Sqoop
Apache Sqoop is a tool that allows for the easy transfer of data between HDFS and relational data stores. Such transfers can be in either direction. For additional details on Sqoop please refer the Sqoop website. Big Data Studio offers a simple UI to configure Sqoop jobs.
Big Data studio provides support with the databases like MySql,Microsoft SQL server,PostgreSQL and Oracle.
Sqoop JDBC Connectors
Sqoop requires JDBC connector jar files to be present in lib folder (SDK\Sqoop\lib) for execution of import and export jobs. Big Data Studio provides support to auto install the connector jars from driver’s providers (SQLServer, MySQL and Oracle). Select the required connectors, check the license and then click “Install” button to proceed with Installation.
Add connection
Adding a connection to a server is straightforward. Click the “Add” button under Sqoop – connection group and enter the server details in the pop up shown like below and click the “Save” button after choosing appropriate JDBC driver from the drop down
Add Sqoop job
Syncfusion Big Data Studio provided two ways to add a Sqoop job.

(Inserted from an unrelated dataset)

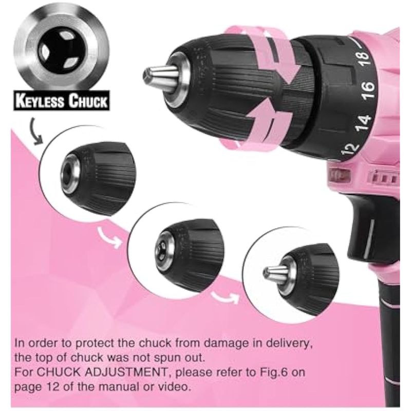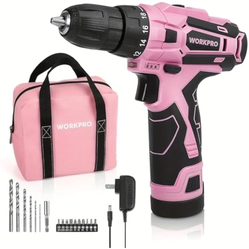 WORKPRO JUEGO DE DESTORNILLADORES INALáMBRICOS ROSADOS, KIT DE HERRAMIENTAS DE DESTORNILLADOR ELéCTRICO DE 12 V, PORTABROCAS SIN LLAVE DE 3/8 PULGADAS, CARGADOR Y BOLSA DE ALMACENAMIENTO INCLUIDOS, CINTA ROSA

- Using command line query
- Using Connection details
Using command line query
To add Sqoop job, click “Add” button under Sqoop tab. Then check the “Command Line” checkbox and click the “Next” button.
Provide the Sqoop command query in query editor and click “Save & Run” button to run the job immediately. You can also save them and run it later.
Using connection details
To add Sqoop job, click “Add” button under Sqoop tab. Provide job name, choose database server connection and the type of job (import / export) and click “Next” button.
Provide the database name. Check Import all tables, if you would like to import all tables or else specify the table name explicitly for importing. Click “Next” button once done to move to next form.
In the final form, provide the HDFS directory location and the number of mappers required and add the arguments by clicking the link next to the Arguments textbox.
It will display a predefined list of Sqoop Arguments; you can provide input directly.
Click the link next to the Incremental textbox. It will display a “Incremental Arguments” form.
- Select an Incremental type either append or lastmodified.
- Add the Check column which is targetcolumn to check for incremental change.
- Add the Last value which is last imported value in incremental check column.
- Click “OK” to continue.
Click “Save & Run” button to run the job immediately. You can also save them and run it later.
Similarly you can also create an Export job and execute the same.
Other features
Other features available under Sqoop tab are
- Stop Sqoop job
- Re-run Sqoop job
- Edit/Delete the Sqoop job
- Edit the database connection
Stop Sqoop job
Sqoop job can be stopped by clicking on “Stop” button under Sqoop tab when the Sqoop job is in ACCEPTED or RUNNING state.
Re-run Sqoop job
Click the “Run Job” button under Sqoop tab for job resubmission.
Edit/Delete the Sqoop job
Big Data Studio provides the feature of editing the already saved or executed job by clicking on “Edit” button under Sqoop tab or from Sqoop job details browser.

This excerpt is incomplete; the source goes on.